▶ [What you will do]: Print them exactly: the lines from the beginning of the entries below through the line that contains "(Nguồn: CNBC) |", and only those, with the pictures left out.

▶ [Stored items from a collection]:
Segment Open

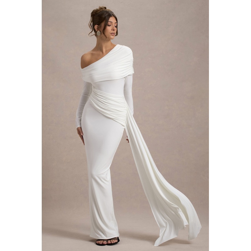 Valina | White Ruched Asymmetric Maxi Dress With Drape
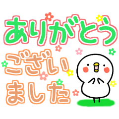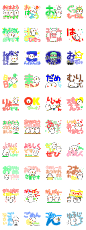 白くて丸いトリとカラフル超デカ文字。 おはようからおやすみ、ありがとう、おつかれなどよく使うあいさつ言葉入り。敬語もあるので年上の方にも使えます。(リメイク版)デコスケ より発売
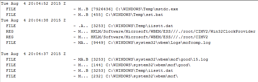 Other information captured in the timeline (e.g., references to \wbem\mof\ and the mofcomp.log file) appears to support this finding. Figure 2 shows relevant log entries from the mofcomp.log file.
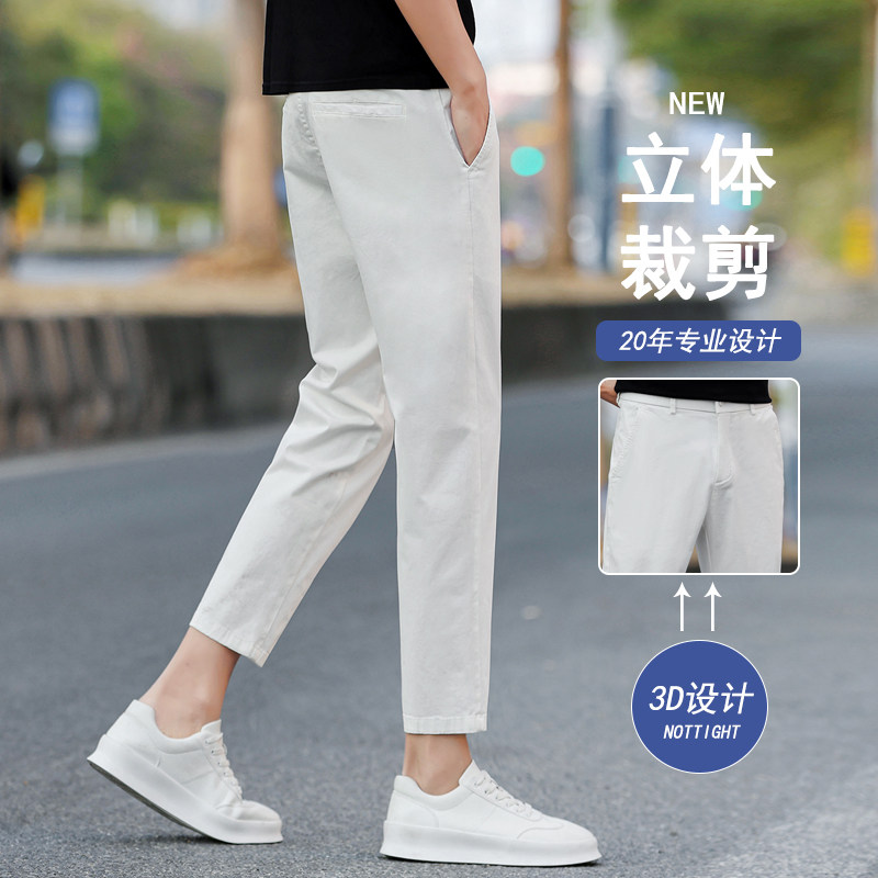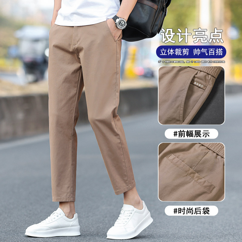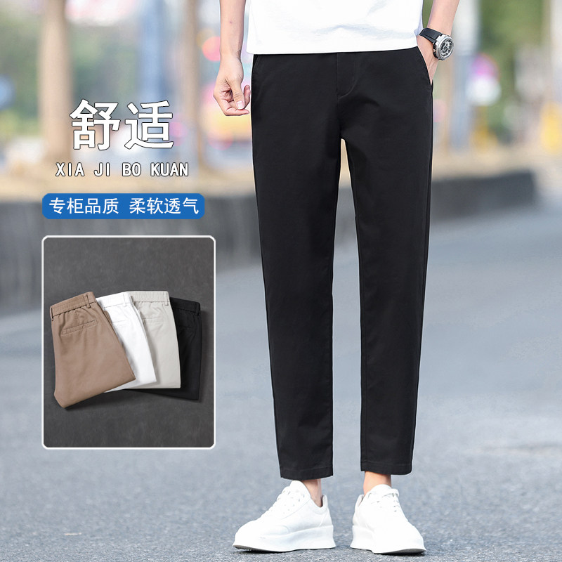2026新款纯棉九分休闲裤男士夏季修身直筒弹力百搭男生9分裤子薄
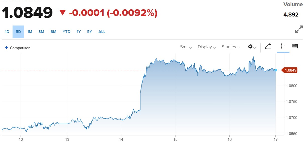 | Diễn biến tỷ giá EUR/USD trên thị trường thế giới (Nguồn: CNBC) |
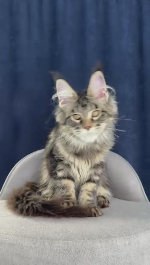 Quimmby Maine Coon female, black ticked tabby

Segment Closed

▶ [Answer to this problem]:
 Valina | White Ruched Asymmetric Maxi Dress With Drape
 白くて丸いトリとカラフル超デカ文字。 おはようからおやすみ、ありがとう、おつかれなどよく使うあいさつ言葉入り。敬語もあるので年上の方にも使えます。(リメイク版)デコスケ より発売
 Other information captured in the timeline (e.g., references to \wbem\mof\ and the mofcomp.log file) appears to support this finding. Figure 2 shows relevant log entries from the mofcomp.log file.
2026新款纯棉九分休闲裤男士夏季修身直筒弹力百搭男生9分裤子薄
 | Diễn biến tỷ giá EUR/USD trên thị trường thế giới (Nguồn: CNBC) |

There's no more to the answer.